Science & Technology, Australia (Commonwealth Union) – The over prescription of antibiotics in recent times is believed to be responsible the emergence of superbugs.
Researchers from RMIT (Royal Melbourne Institute of Technology), have produced a new type of antibiotic with the ability to rapidly re-engineer in preventing the resistance of dangerous superbugs.
The production was the work of PhD candidate Priscila Cardoso and principal supervisor Dr Céline Valéry from the RMIT, School of Health and Biosciences, in which the antibiotic consists of a simple design permitting it to be formed fast as well as economically in a laboratory.
The antibiotic known as Priscilicidin has small, amino acid building blocks, hence it can be adjusted to handle various types of antimicrobial resistance.
As WHO (World Health Organization) referring to antimicrobial resistance as “one of the top ten global public health threats facing humanity”, making the production new antibiotics the need of the hour.
Professor Charlotte Conn, a PhD supervisor of Cardoso, indicated that given that urgency, Priscilicidin they were excited about the breakthrough for public health.
Priscilicidin is a form of antimicrobial peptide, which are formed by all living organisms as the 1st defense against bacteria and viruses.
Priscilicidin is a natural product that is produced by certain strains of the bacteria Streptomyces pristinaespiralis. It is a member of the macrolide antibiotic family and has potent activity against a range of bacteria.
Following the review of literature on antimicrobial peptide molecular engineering, the team produced and carried out tests on 20 short peptides prior to deciding that Priscilicidin was the most suitable option.
“The pharmaceutical industry generally tests thousands of compounds before getting a lead candidate. In our case, only 20 designs were necessary to create an entire new family of antibiotics,” explained Dr Valéry.
Professor Conn further explained that Priscilicidin was based on a natural antibiotic peptide, giving it a lower chance of leading to antimicrobial resistance when contrasted to the present conventional antibiotics.
She further indicated that the present natural antibiotics are costly and hard to make on a bigger scale. They break down fast in the body as well.
“Priscilicidin combines the advantages of small molecular design, which means it’s quick and inexpensive to synthesise in a lab, with the advantages of natural antibiotics.”
The biosynthesis of pristinamycin, of which priscilicidin is a component, is generally a complex process that involves a large number of enzymes and regulatory factors. The basic steps involved in the biosynthesis of pristinamycin.

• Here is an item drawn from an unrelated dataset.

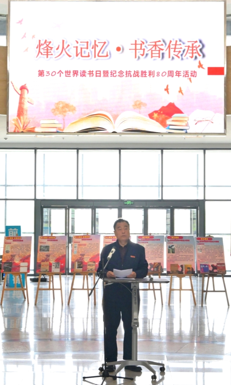 程永清在仪式上致辞。他谈到,书籍是知识的载体,是人类进步的阶梯。“世界读书日”的设立,旨在倡导阅读对人类文明进步的重要意义,通过阅读不仅能够帮助我们增强知识量的积累,还能让我们开阔视野、塑造品格。近年来,学校通过开展“书香校园建设”“读书分享会”“诵读经典”等系列活动,让书籍成为了大家的良师益友,让图书馆成了校园里最温馨的港湾。他指出,今年是中国人民抗日战争暨世界反法西斯战争胜利80周年,今天我们举行的主题展览活动,主要是以抗战时期重要历史事件为主线,以红色文化纪念馆门票、抗战期间相关书籍为载体,带领我们追忆那段血与火的岁月,用心感悟革命先辈的信仰与坚守。希望全体师生以此次活动为契机,读经典,用人类智慧之光涤荡我们的灵魂;忆先烈,让伟大抗战精神激励起我们实现民族复兴的精神动力,以书香润泽初心,在阅读中提升境界,在铭记中坚定信仰。

In this instance researchers had Priscilicidin derived from Indolicidin, a natural antibiotic present in cows’ immune systems.
The researchers work appeared in January this year in the Women in Nanoscience 2022 special issue of Frontiers in Chemistry, revealing that Priscilicidin was highly active in fighting resistant microbial strains like golden staph, E. coli bacteria and candida fungi.

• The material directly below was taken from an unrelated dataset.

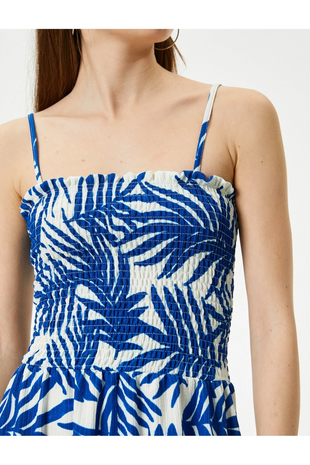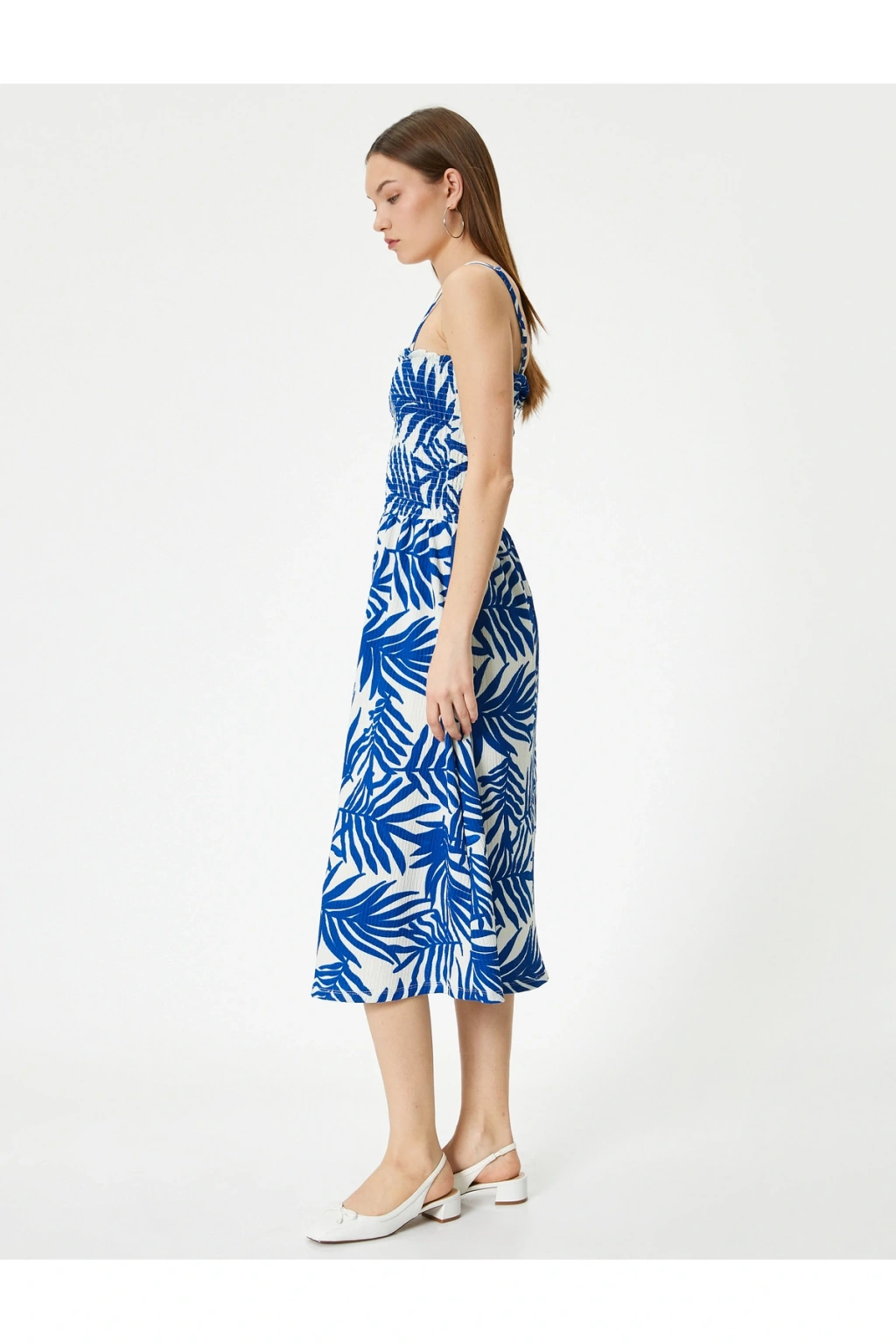 Askılı, gipe detaylı, rahat kalıp, midi, çiçekli elbiseyi stilinizle buluşturun! Koton yazlık ve çiçekli elbise modelleri feminen, gösterişli fakat bir o kadar da rahat ve zamansız tasarımlarla karşımıza çıkıyor.; Yazlık elbise modellerinizi hasır halka küpeler ve çantalarla tamamlayabilir daha özgün bir görünüm yaratabilirsiniz.; | Model Boy: 172 | Model Kalça: 88 | Model Üst: 59 | Model Bel: S | Model Göğüs: 79 | Model Jean: 27/32

Researchers also showed that Priscilicidin functions by disturbing the membrane of the microbes, eventually destroying the cell.
Dr Valéry says “Attacking this outer layer makes it harder for the bacteria to evolve and resist treatment.”
Lab tests have demonstrated that Priscilicidin had a similar antimicrobial action as Indolicidin on common bacterial as well as fungal infections.
The findings of the team indicate that Priscilicidin’s molecules naturally self-assemble into a hydrogel form, giving it a great potential ideal for the production of antibiotic gels and creams.
Dr Valéry further pointed out that when new drugs are formed, scientists are required to take into consideration the pharmaceutical formulation of the drug, which include the drug’s form (e.g.: capsule or cream) and the method utilized. The natural hydrogel form of Priscilicidin meant it presented the researchers the chance to bypass some of that formulation methods, according to Dr Valéry.